Both sides stuck firm to their original funding proposals Tuesday. Senate Democrats are standing by a plan that would provide more than $200 million in new funding for K-12 education, which is more than double the increase sought by House Republicans. The House and Senate proposals both include funding specifically dedicated to teacher leadership training.
Senator Herman Quirmbach, a Democrat from Ames who chairs the Senate education committee, said he expected the issue to move to a negotiating committee to try and find a compromise solution.
Senate Sub-committee Passes Anti-bullying Bill
DES MOINES, Iowa (AP) - A Senate panel has approved a bill aimed at reducing school bullying in Iowa, a key legislative issue for Governor Terry Branstad this session.

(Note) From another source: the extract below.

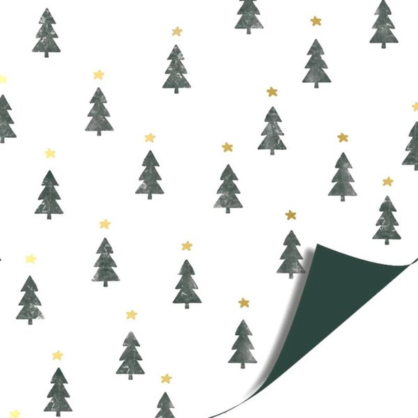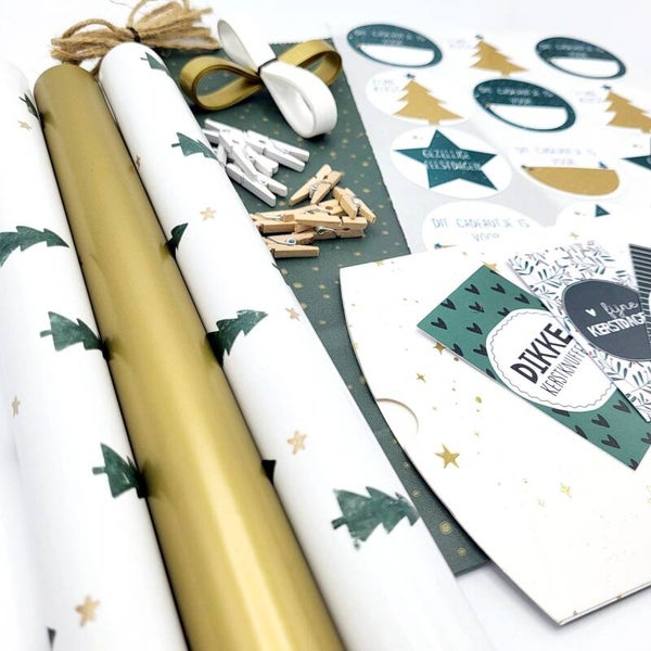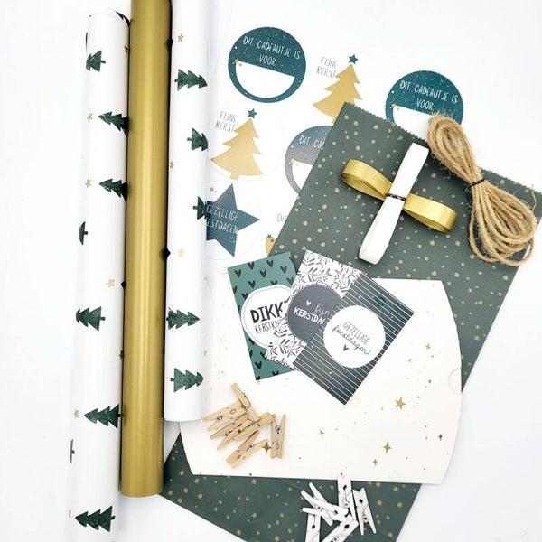 2 rollen dubbelzijdig goud cadeaupapier met kerstbomen (groen), 1 prachtige rol glanzend goud inpakpapier, 1 grote blokbodemcadeauzak, cadeaulint, jute touw een stickervel met 12 stickers, 3 cadeaulabels en 12 houten knijpertjes.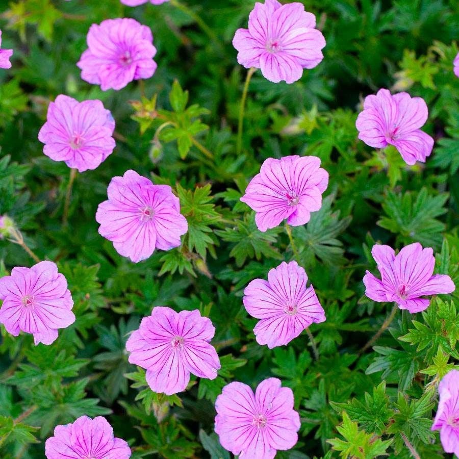 Geranium 'Blushing Turtle' is a garden star. As a perennial, it has an upright, rounded growth pattern and deeply lobed leaves, adding a unique texture. The flowers begin blooming in midsummer, with an attractive pink color and purple veins on each petal. The large flowers stand out from the plant. Its flowering period is long, lasting into autumn, with new blooms constantly appearing throughout the season. Butterflies are particularly attracted to its flowers, often flitting around them. This cultivar thrives well in full sun to partial shade, making it suitable for flower beds and borders, as well as for potted plants on terraces and patios.

Members of an education subcommittee approved the bill Tuesday. It now heads to a full committee for consideration.
The bill would expand guidelines for Iowa school districts responding to cases of bullying. It would allow school officials to address bullying outside of school grounds and expand the definition of cyberbullying.
The American Civil Liberties Union of Iowa is opposing the bill, saying the legislation has overly broad language about parental notification and how much teachers should be monitoring for bullying off school grounds.
Other groups have expressed support for the bill. Similar legislation failed to garner enough support last session.